Abbott and Genentech, Inc. have formed a collaboration for the global research, development and commercialization of two of Abbott's investigational anti-cancer compounds. The companies will work together on all aspects of further development and commercialization of ABT-263 and ABT-869, which were discovered by Abbott scientists.
The companies will co-promote any resulting products in the United States. Abbott will promote any resulting products outside the United States. Financial terms of the collaboration will not be disclosed.
These compounds are targeted therapies that represent promising, unique scientific approaches to treating cancer. ABT-263, a Bcl-2 family protein antagonist, restores apoptosis - a natural process by which damaged or unwanted cells die and are cleared from the body - in a variety of cancer cells. ABT-869, a VEGFR-based multi-targeted kinase inhibitor, suppresses tumour growth by preventing the growth of new blood vessels that supply the tumour with oxygen and nutrients and by inhibiting key angiogenic signalling pathways. Both compounds are currently in Phase I clinical trials in a number of tumour types. Phase II clinical trials for ABT-869 in several tumour types will begin this year.
Beyond those two compounds, scientists at the two companies will use their expertise to conduct additional follow-on research in the area of Bcl-2 family protein antagonists and VEGFR-targeted (vascular endothelial growth factor receptor) kinase inhibitors.

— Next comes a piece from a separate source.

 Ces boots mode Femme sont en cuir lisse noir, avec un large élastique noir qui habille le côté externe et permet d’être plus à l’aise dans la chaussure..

"We hope that the combination of Abbott's scientific discoveries and Genentech's proven experience in the oncology arena can help bring these promising anti-cancer compounds to patients," said John Leonard, M.D., vice president, Global Pharmaceutical Research and Development, Abbott. "It takes significant resources to discover and develop new medicines. We believe that our collaboration with Genentech, in addition to our pipeline of other cutting-edge scientific approaches to fighting cancer, will allow Abbott to build a world-class oncology franchise."
"We are very pleased to be entering into this collaboration with Abbott for the development of therapies that may offer new options to treat patients with cancer," said Hal Barron, M.D., senior vice president, Development and chief medical officer for Genentech. "We believe that these molecules are strong complements to our existing anti-angiogenesis and apoptosis research and development programs and have the potential to broaden our pipeline with important, innovative compounds."

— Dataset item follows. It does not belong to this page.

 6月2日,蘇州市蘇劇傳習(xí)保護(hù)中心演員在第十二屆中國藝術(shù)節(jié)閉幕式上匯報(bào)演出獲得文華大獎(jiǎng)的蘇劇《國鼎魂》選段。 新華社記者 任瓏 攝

Apoptosis, also known as programmed cell death, is a natural process by which damaged or unwanted cells, including those that are or could become cancerous, die and are cleared from the body. The Bcl-2 family proteins, which are expressed at high levels in many tumours, play a central role in regulating apoptosis and, consequently, in tumour formation, tumour growth and resistance to treatment. Researchers have been interested in the pro-survival members of the Bcl-2 family since their role in preventing apoptosis was established more than a decade ago. Pioneering structural biology work at Abbott showed how Bcl-2-like proteins interact with one another, thereby setting the stage for Abbott researchers to develop novel compounds that cause cancer cells to self-destruct.
ABT-263 restores programmed cell death by blocking the function of pro-survival Bcl-2 family proteins. Pre-clinical data have shown that Abbott's Bcl-2 family protein antagonists effectively kill certain cancer cell types. Additionally, Abbott Bcl-2 family antagonists were found to enhance the effects of chemotherapy and radiation in other types of cancer, such as non-small cell lung cancer. ABT-263 recently entered Phase I clinical trials for lymphomas, chronic lymphocytic leukemia (CLL) and solid tumours, including small cell lung cancer.

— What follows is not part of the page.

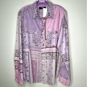 NWT Amiri Lavender Bandana Reconstructed Flannel Button Shirt XL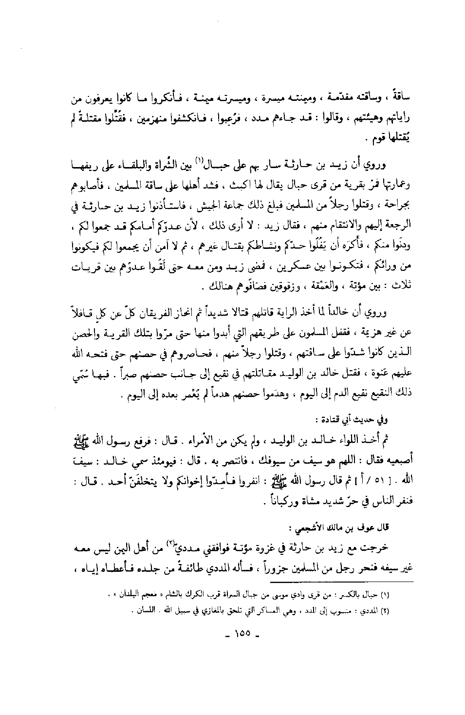 خرجت مع زيد بن حارثة في عزوة مؤتة فوافقني مددي من أهل اليمن ليس معه غير سيفه فنحر رجل من المسلمين جزوراً، فسأله المددي طائفة من جلده فأعطاه إياه،

Oncology researchers are currently developing agents that target kinases, a class of enzymes that are often overly activated in cancer patients. ABT-869 inhibits a distinct set of kinases that are involved in angiogenesis, a process by which tumours gain access to new blood vessels. Inhibition of these kinases suppresses tumour growth by cutting off tumour blood supply. ABT-869 is currently being tested against several tumour types in Phase I clinical trials. Phase II clinical trials will begin this year.